From Sunday evening until last night, it was up and down. Never once did I say, “Break up! I’ll find you someone new!” Supportive, that’s my way. (Usually.) And she’s back in town, they made up, all’s well.
He called me at 8:20 this morning, just as I was getting out of the delicious purple PTC, and had the full report. Naturally, today was walking with La Gordita day, so I had my walking clothes in a bag, plus we were celebrating Zan’s birthday, so there was a cake and then M. had made cold cucumber soup which I’d promised to half the damn campus (um, 2 other people), so I had all this STUFF to carry.
Now I can look back at parts of my life and say, “ooh, bad choice there,” but except for a few (hundred) falls up (and down) staircases in (and around) Washington, DC, having been a bartender has continued to serve me well, even today. What the hell am I talking about, you ask? Well, I was able to carry all that stuff, use the key-bleeper thingy to lock the car, carry my water bottle (a 32-ouncer, personal rule to drink the whole thing on the way to work or no coffee!) AND talk to Ari on the phone. Gym bag, cake bag, bag o’ soup (lunky because of the ice thing), water bottle and of course my handbag. (A delightful lovely summertime statement in a tan weave with faux brown croc trim.) And the phone.

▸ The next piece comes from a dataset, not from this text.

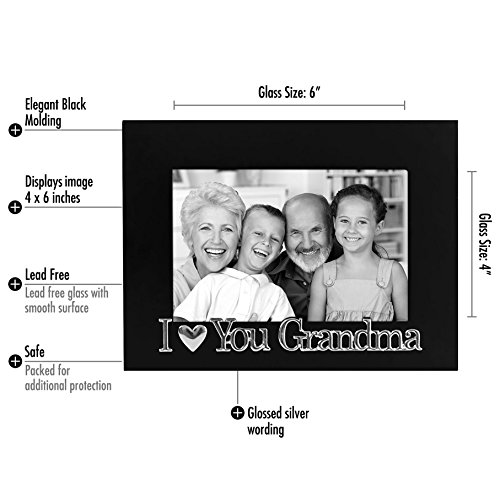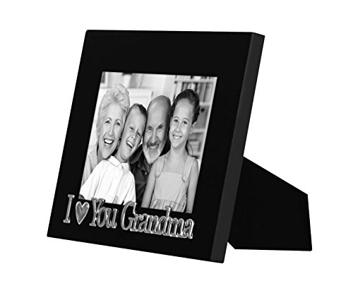 I Love You Grandma Picture Frame, Glass Front - Color: Black - Fits Photos 4x6 - Easel Back for Table Top Display

Am I making too big a deal of it? Of course. Am I doing it on purpose? Nope. I was up late doing some network repairs here at home (aah, cute but techie, too!), but had to still have my night time shower (nothin like it I tell you) and then was awakened by the cat you see below (Frieda Tomatilla A-H) who decided that batting my sleeping face with her mouse-head toy at 3am was a good idea. So now I’m drowsy but I don’t wanna go to bed yet. StOOpid, I know. Blame it on the moon.
And what the hell does that mean? Nothing, but it proves (perhaps) what Ari said just yesterday: Words never say what you want them to.